Biden framed his point more accurately earlier in the debate. "The federal prison system was reduced by 38,000 people under our administration," he said.

The Federal Bureau of Prisons does keep tallies of the tens of thousands of federal inmates released each year. But the release data doesn’t say much about the Obama administration’s criminal justice reform efforts, which is the point Biden was trying to make. 

"People get released every day just because their sentence ends," Gotsch said.

The Obama administration helped drive the decline

That said, Gotsch told PolitiFact that policies implemented by the Obama administration — along with two changes made during Obama’s tenure by the independent, bipartisan U.S. Sentencing Commission — did help drive a decline in the federal prison population.

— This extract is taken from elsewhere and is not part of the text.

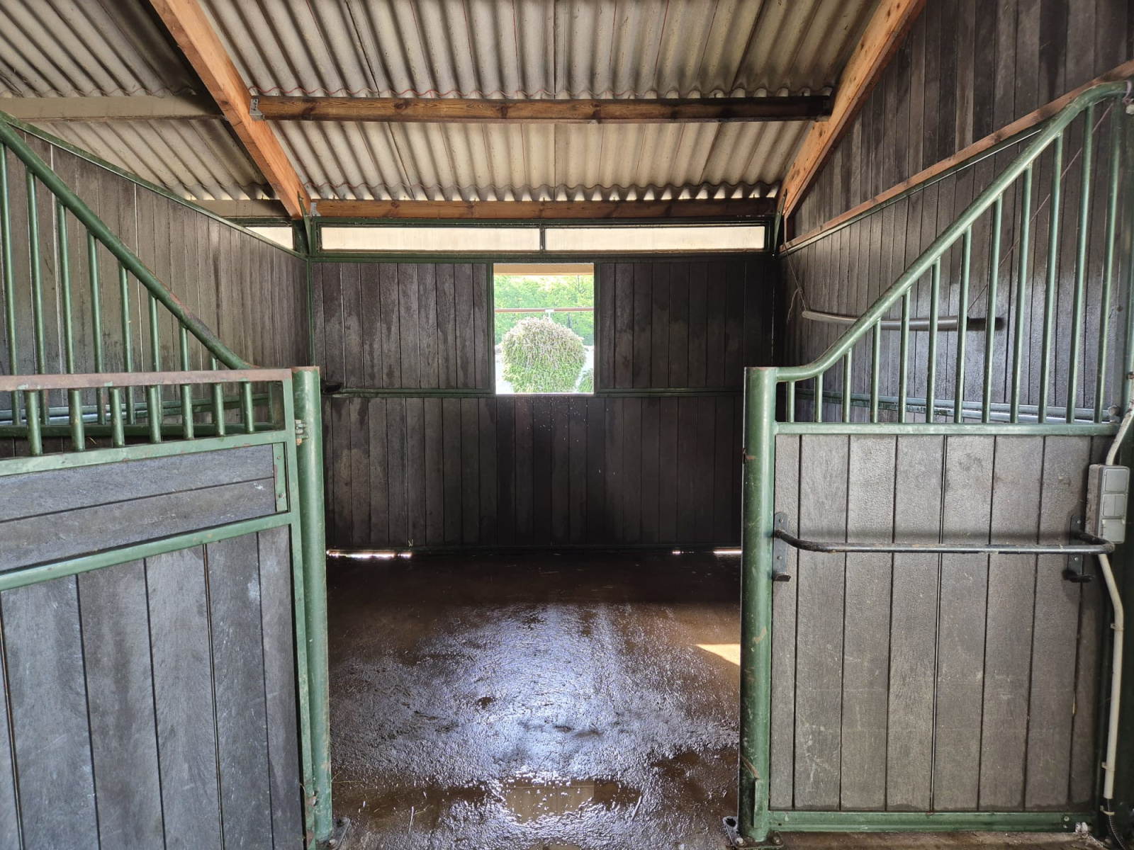 - D'un barn's de 12 boxes avec sellerie, douche, espace de pansage, ventilateurs, 4 boxes structure bois et 4 boxes structure résine. Soit 20 boxes .

The Fair Sentencing Act of 2010, for example, dramatically reduced a 100-to-1 sentencing disparity between powder and crack cocaine, and the U.S. Sentencing Commission approved the retroactive application of some of the new sentencing guidelines. 

According to a U.S. Sentencing Commission report, 7,748 crack-cocaine offenders received retroactive reductions to their prison sentences under that change. 

The U.S. Sentencing Commission also voted in 2014 to reduce drug sentencing guidelines by two offense levels and apply the change retroactively. That change has resulted in 31,763 drug offenders getting retroactive sentence reductions as of June, according to the commission.

Former Attorney General Eric Holder also instituted a "Smart on Crime Initiative" that Gotsch said led to fewer federal drug prosecutions. A separate Justice Department initiative urged qualified federal inmates to seek sentence commutations. Obama commuted the sentences of 1,696 people through that program, the U.S. Sentencing Commission found

Our ruling

Biden said that as part of the Obama administration’s criminal justice reforms, "38,000 prisoners were released from federal prison."

The 38,000 figure is cherry-picked. It represents the change in the federal prison population from its peak at the end of 2012 to the end of 2018, nearly two years into Trump’s presidency. 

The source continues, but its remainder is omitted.